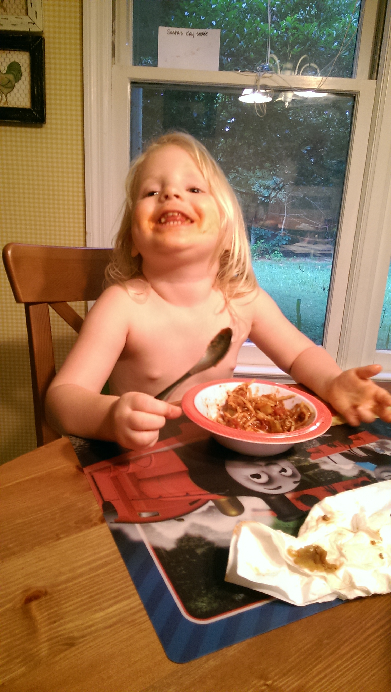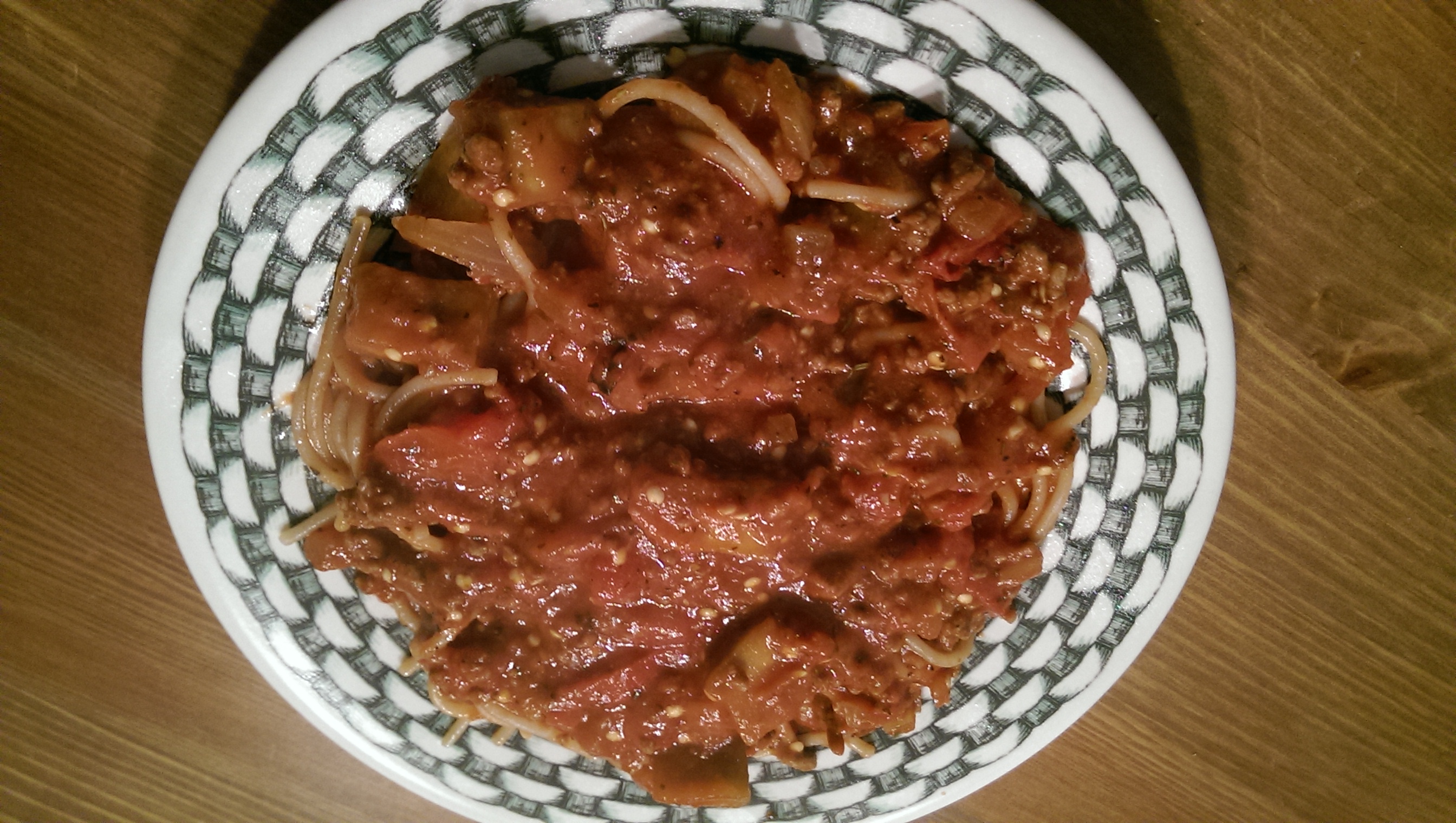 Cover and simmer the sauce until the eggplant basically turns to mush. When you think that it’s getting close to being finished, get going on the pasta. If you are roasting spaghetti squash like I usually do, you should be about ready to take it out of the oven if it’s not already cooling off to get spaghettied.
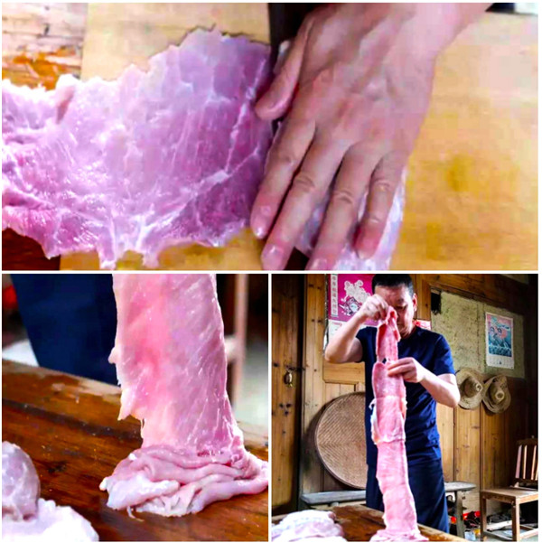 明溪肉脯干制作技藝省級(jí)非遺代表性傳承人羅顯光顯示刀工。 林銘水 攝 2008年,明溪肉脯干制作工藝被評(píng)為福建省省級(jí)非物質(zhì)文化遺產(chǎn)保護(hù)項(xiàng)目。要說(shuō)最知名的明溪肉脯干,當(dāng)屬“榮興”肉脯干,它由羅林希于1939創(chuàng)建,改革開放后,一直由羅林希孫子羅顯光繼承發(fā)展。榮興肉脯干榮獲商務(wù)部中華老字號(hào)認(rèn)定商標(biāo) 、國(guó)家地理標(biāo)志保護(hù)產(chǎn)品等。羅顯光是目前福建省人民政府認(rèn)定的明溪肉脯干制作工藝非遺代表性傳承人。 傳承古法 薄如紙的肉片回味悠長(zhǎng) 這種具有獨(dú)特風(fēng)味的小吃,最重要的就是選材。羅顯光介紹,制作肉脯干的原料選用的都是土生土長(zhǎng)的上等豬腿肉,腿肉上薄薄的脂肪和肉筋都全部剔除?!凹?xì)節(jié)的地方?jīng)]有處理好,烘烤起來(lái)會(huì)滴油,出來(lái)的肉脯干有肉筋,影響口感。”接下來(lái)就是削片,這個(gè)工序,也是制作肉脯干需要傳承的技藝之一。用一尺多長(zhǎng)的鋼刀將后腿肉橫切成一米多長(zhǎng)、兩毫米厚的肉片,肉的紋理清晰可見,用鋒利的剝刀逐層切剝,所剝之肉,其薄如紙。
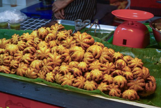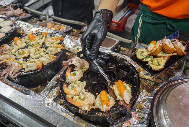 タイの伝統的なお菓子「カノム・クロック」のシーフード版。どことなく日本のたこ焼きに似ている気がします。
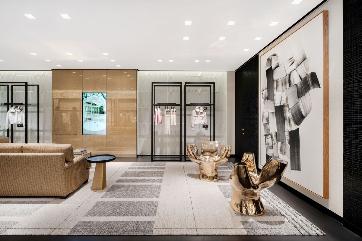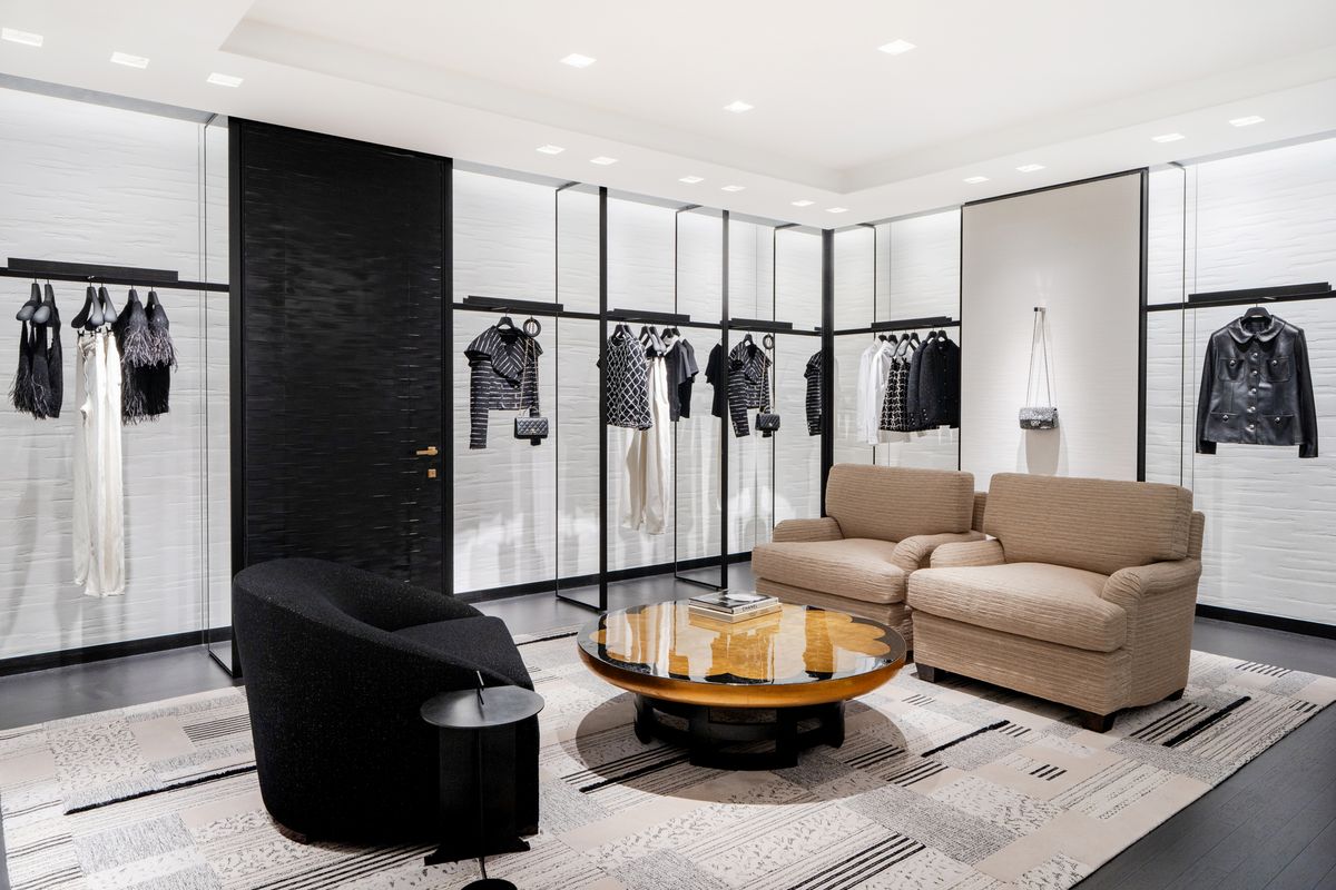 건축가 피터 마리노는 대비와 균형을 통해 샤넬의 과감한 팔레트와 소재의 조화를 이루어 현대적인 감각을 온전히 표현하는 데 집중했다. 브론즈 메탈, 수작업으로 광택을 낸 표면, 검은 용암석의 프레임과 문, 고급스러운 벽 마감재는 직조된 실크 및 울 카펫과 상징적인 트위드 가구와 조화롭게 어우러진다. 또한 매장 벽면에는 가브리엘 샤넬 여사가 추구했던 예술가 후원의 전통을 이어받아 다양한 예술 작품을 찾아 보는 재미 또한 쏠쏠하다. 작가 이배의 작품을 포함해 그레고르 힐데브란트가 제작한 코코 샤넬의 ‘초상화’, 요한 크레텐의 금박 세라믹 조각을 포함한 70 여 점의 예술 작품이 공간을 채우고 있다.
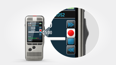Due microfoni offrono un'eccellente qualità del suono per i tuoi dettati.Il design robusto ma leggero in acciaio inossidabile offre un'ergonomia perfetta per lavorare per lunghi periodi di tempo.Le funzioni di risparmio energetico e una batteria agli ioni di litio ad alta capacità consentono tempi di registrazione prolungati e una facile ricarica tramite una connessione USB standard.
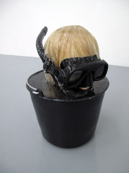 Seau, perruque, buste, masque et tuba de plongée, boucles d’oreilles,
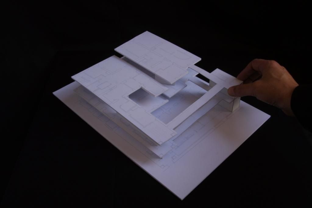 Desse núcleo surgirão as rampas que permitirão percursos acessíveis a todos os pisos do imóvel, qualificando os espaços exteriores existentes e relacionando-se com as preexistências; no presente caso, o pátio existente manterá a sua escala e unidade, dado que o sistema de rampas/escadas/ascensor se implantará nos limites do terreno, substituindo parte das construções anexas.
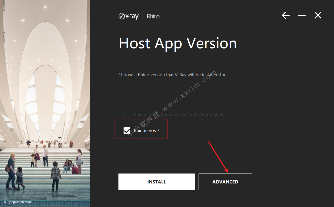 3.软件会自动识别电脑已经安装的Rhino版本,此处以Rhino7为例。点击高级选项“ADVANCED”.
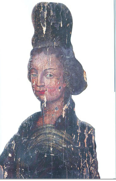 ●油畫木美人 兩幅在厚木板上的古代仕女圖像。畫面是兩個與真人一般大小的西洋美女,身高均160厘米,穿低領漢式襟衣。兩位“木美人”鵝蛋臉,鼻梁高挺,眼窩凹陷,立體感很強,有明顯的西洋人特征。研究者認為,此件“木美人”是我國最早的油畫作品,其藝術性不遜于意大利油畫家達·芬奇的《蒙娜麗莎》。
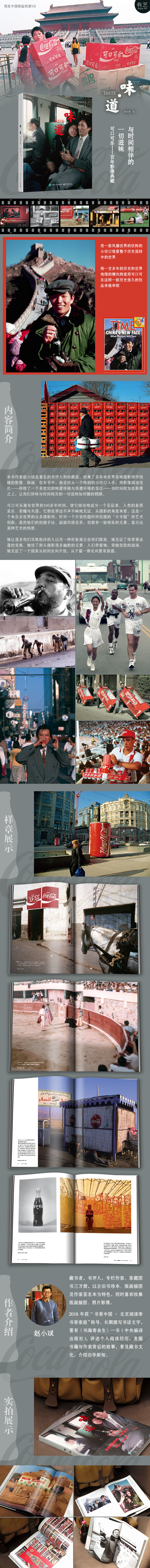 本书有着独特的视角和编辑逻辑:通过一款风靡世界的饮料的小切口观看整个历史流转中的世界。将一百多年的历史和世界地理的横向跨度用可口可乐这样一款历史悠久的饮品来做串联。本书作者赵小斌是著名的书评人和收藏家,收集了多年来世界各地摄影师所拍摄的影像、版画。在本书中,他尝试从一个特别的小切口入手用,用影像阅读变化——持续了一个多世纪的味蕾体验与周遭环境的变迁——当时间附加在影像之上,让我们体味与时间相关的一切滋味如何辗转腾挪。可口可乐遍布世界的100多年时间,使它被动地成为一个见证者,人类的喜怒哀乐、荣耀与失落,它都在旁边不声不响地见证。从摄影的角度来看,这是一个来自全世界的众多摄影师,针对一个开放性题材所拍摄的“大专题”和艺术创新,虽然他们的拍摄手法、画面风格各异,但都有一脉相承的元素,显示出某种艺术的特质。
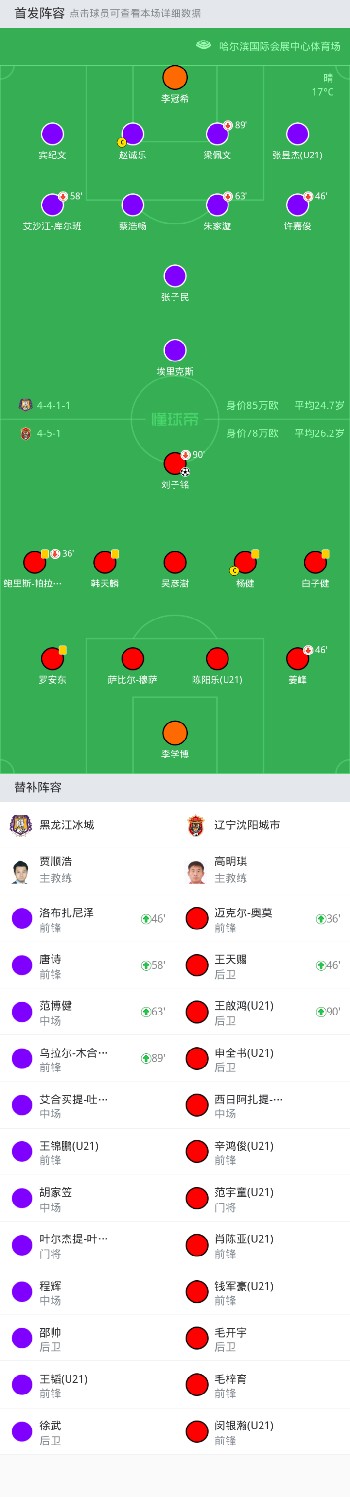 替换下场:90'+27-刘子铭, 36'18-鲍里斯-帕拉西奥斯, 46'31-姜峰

-*-*-

* Task goal
Transcribe exactly and only the lines from the top of the records through the line containing "Desse núcleo surgirão", inclusive, and do not copy the pictures.

* Exercise answer
 Cover and simmer the sauce until the eggplant basically turns to mush. When you think that it’s getting close to being finished, get going on the pasta. If you are roasting spaghetti squash like I usually do, you should be about ready to take it out of the oven if it’s not already cooling off to get spaghettied.
 明溪肉脯干制作技藝省級(jí)非遺代表性傳承人羅顯光顯示刀工。 林銘水 攝 2008年,明溪肉脯干制作工藝被評(píng)為福建省省級(jí)非物質(zhì)文化遺產(chǎn)保護(hù)項(xiàng)目。要說(shuō)最知名的明溪肉脯干,當(dāng)屬“榮興”肉脯干,它由羅林希于1939創(chuàng)建,改革開放后,一直由羅林希孫子羅顯光繼承發(fā)展。榮興肉脯干榮獲商務(wù)部中華老字號(hào)認(rèn)定商標(biāo) 、國(guó)家地理標(biāo)志保護(hù)產(chǎn)品等。羅顯光是目前福建省人民政府認(rèn)定的明溪肉脯干制作工藝非遺代表性傳承人。 傳承古法 薄如紙的肉片回味悠長(zhǎng) 這種具有獨(dú)特風(fēng)味的小吃,最重要的就是選材。羅顯光介紹,制作肉脯干的原料選用的都是土生土長(zhǎng)的上等豬腿肉,腿肉上薄薄的脂肪和肉筋都全部剔除?!凹?xì)節(jié)的地方?jīng)]有處理好,烘烤起來(lái)會(huì)滴油,出來(lái)的肉脯干有肉筋,影響口感。”接下來(lái)就是削片,這個(gè)工序,也是制作肉脯干需要傳承的技藝之一。用一尺多長(zhǎng)的鋼刀將后腿肉橫切成一米多長(zhǎng)、兩毫米厚的肉片,肉的紋理清晰可見,用鋒利的剝刀逐層切剝,所剝之肉,其薄如紙。
 タイの伝統的なお菓子「カノム・クロック」のシーフード版。どことなく日本のたこ焼きに似ている気がします。
 건축가 피터 마리노는 대비와 균형을 통해 샤넬의 과감한 팔레트와 소재의 조화를 이루어 현대적인 감각을 온전히 표현하는 데 집중했다. 브론즈 메탈, 수작업으로 광택을 낸 표면, 검은 용암석의 프레임과 문, 고급스러운 벽 마감재는 직조된 실크 및 울 카펫과 상징적인 트위드 가구와 조화롭게 어우러진다. 또한 매장 벽면에는 가브리엘 샤넬 여사가 추구했던 예술가 후원의 전통을 이어받아 다양한 예술 작품을 찾아 보는 재미 또한 쏠쏠하다. 작가 이배의 작품을 포함해 그레고르 힐데브란트가 제작한 코코 샤넬의 ‘초상화’, 요한 크레텐의 금박 세라믹 조각을 포함한 70 여 점의 예술 작품이 공간을 채우고 있다.
Due microfoni offrono un'eccellente qualità del suono per i tuoi dettati.Il design robusto ma leggero in acciaio inossidabile offre un'ergonomia perfetta per lavorare per lunghi periodi di tempo.Le funzioni di risparmio energetico e una batteria agli ioni di litio ad alta capacità consentono tempi di registrazione prolungati e una facile ricarica tramite una connessione USB standard.
 Seau, perruque, buste, masque et tuba de plongée, boucles d’oreilles,
 Desse núcleo surgirão as rampas que permitirão percursos acessíveis a todos os pisos do imóvel, qualificando os espaços exteriores existentes e relacionando-se com as preexistências; no presente caso, o pátio existente manterá a sua escala e unidade, dado que o sistema de rampas/escadas/ascensor se implantará nos limites do terreno, substituindo parte das construções anexas.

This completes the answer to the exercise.